What if the often invoked ideal of belonging is less an expression of community and more a socially imposed obligation? What if refusing to conform doesn't mean apostasy, but intellectual sovereignty? — Anyone who functions differently quickly feels like an outsider. Meanwhile, this diversity is psychologically completely normal, and from a social perspective even valuable, says Professor Asselmann.
Has the ideal shifted today – from an autonomous entity towards a constantly visible and accessible, networked [z pomocą mediów społecznościowych] human? Eva Asselmann sees exactly this trend: for a long time, the autonomous individual has been a social role model. Today, in many places, the ideal of constant availability dominates: being present, remaining visible, responding, cultivating networks of contacts.
What was once considered an advantage – independence, self-sufficiency, the right to silence – is now easily interpreted as a deficit. This has real consequences. In my research on self-efficacy and mental health, I see how strongly social norms shape our own experiences.
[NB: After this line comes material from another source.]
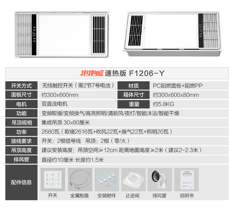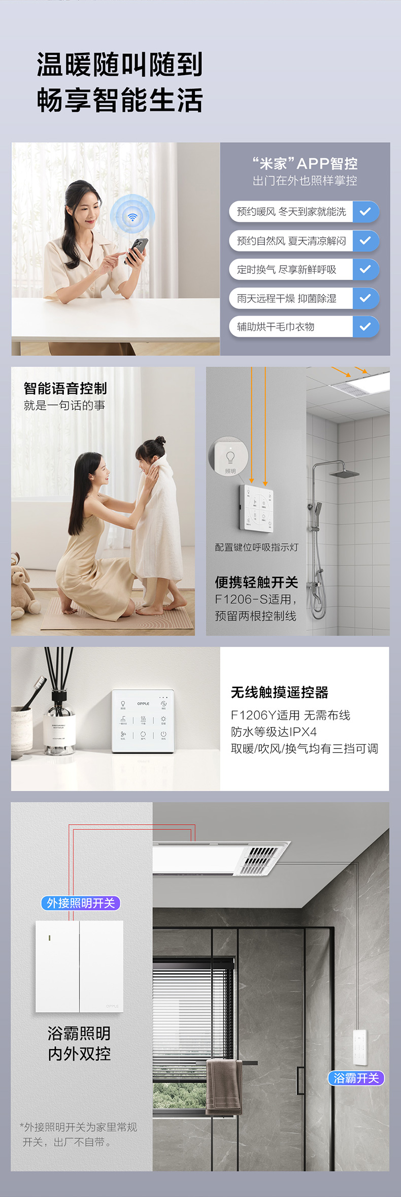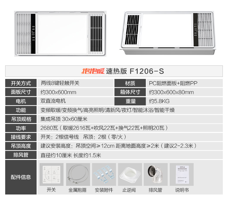 爆款🔥欧普(OPPLE)恒温风暖浴霸灯浴室取暖照明排气扇一体卫生间集成吊顶F1206
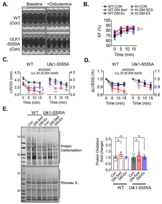 Ulk1-S555A mice retain exercise-mediated protection against diastolic dysfunction in diabetes. (A) Representative echocardiography images at baseline and 10 min post-i.p. injection of dobutamine (2.5 µg/g) of two control mice. Scale bar, 1 mm. (B–D) Ejection fraction (EF), LV end-diastolic diameter (LVEDD), and ∆LVEDD. n.s., not significant. *, p < 0.05, **: p < 0.01, ***: p < 0.001, two-way ANOVA with post hoc multiple comparisons at each time point. n = 7–15. (E) Western blot assessment of total protein carbonylation and quantification. n.s., not significant. *, p < 0.05, two-way ANOVA with post hoc multiple comparisons.

Anyone who constantly feels like they don't meet the default standards of social networks is often carrying an unnecessary burden
– explains the professor.
Kaminski describes how early this pressure to belong begins, using examples of everyday scenes. Even young children are divided into groups in kindergartens to create a sense of belonging. Desirable behavior is promoted at school, and in everyday family life we can also see how conformity is naturally expected. Parents often seem to unconsciously transmit this logic, for example when on the playground they encourage a child to move to the monkey bars because other children are playing there – even though the child is currently content and completely absorbed in building in the sandbox. You should still politely make friends, celebrate birthdays, and accept invitations.
Those who fundamentally dislike such rituals of belonging can be helped by the idea of anxiety, thinks the professor. Concepts can provide relief if they help people organize their experiences and see them less as a personal deficit. — In my research on self-efficacy, I see this repeatedly: who understands and accepts himself often acts more effectively because internal resistance decreases. Kaminski's main idea is therefore right: not everyone experiences belonging in the same way, and not all distance automatically means loneliness, says Asselmann.
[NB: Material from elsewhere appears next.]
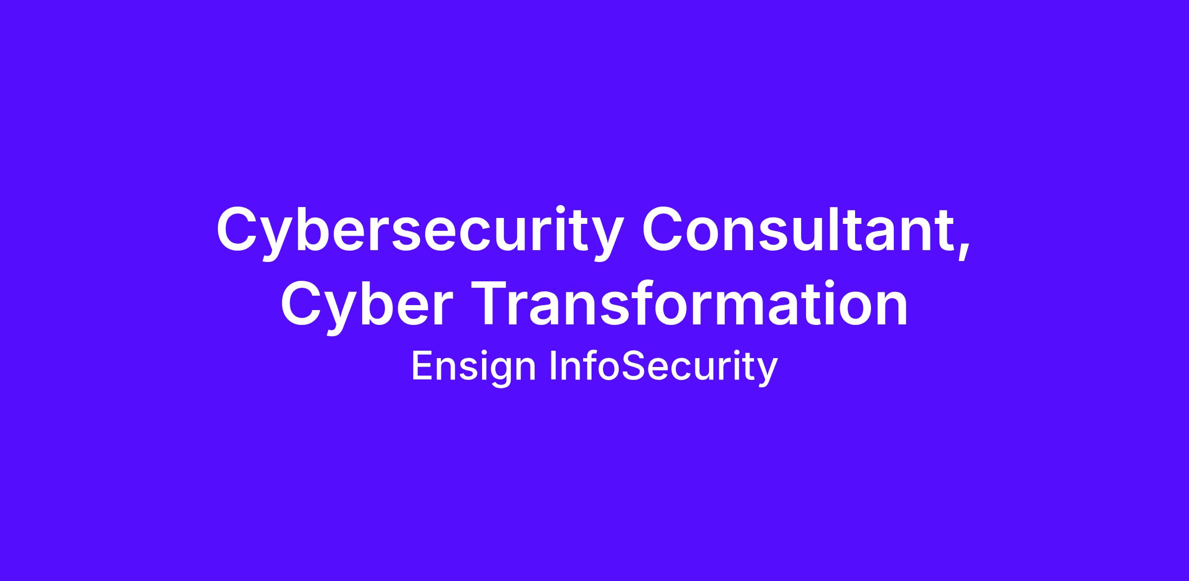 - Reports to the Head, Cyber Transformation Services, under the Head of Advisory

Individuality as a source of understanding
According to Kaminsky's interpretation, Western society is so strongly community-oriented that even small deviations from this norm are conspicuous – even if someone is simply looking for peace. “The pressure to conform on otroverted people is often tiring and frustrating for both parties. However, it is never effective. In fact, many of my childhood patients wonder why they cannot come to terms with the pressure to conform to expected norms that their families and society place on them,” writes Kaminski.
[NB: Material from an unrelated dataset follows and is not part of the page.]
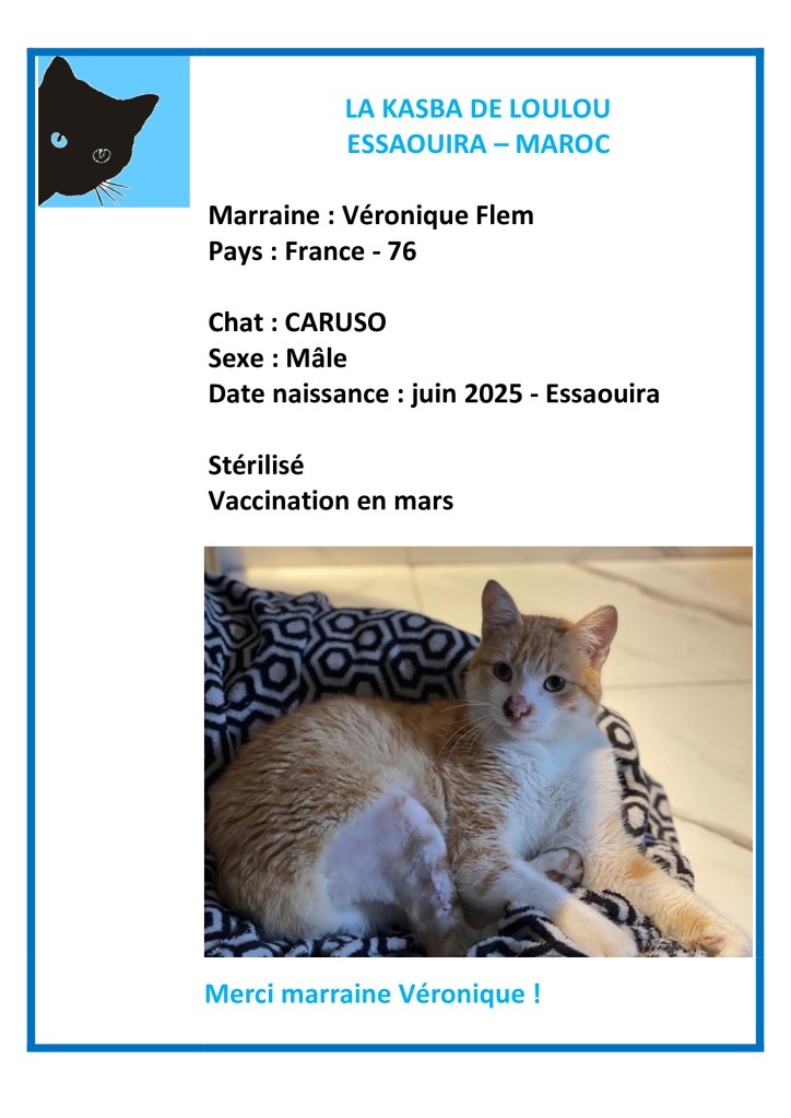 Merci à Véronique Flem (Instagram) d’avoir choisi de parrainer Caruso et ainsi financer sa vaccination annuelle 2026 !

Also for this reason opposes viewing anxiety as a new label. On Instagram, she writes: “Otroversion is not a label. In fact, labeling is the opposite of what otroversion represents.” The richness of life often lies in what is in between, in what defies definition. It's not about joining a new group or label, but about “the quiet strength of those who thrive beyond belonging” — and a reminder that individuality can be a source of understanding, resilience, and freedom.
In this interpretation, belonging remains an option—not an obligation. Freedom of thought belongs to those who dare to go a step alongside the group instead of blindly following it. Perhaps the real provocative thought of this theory is that it reminds us of something obvious: you don't have to belong anywhere to be part of world events.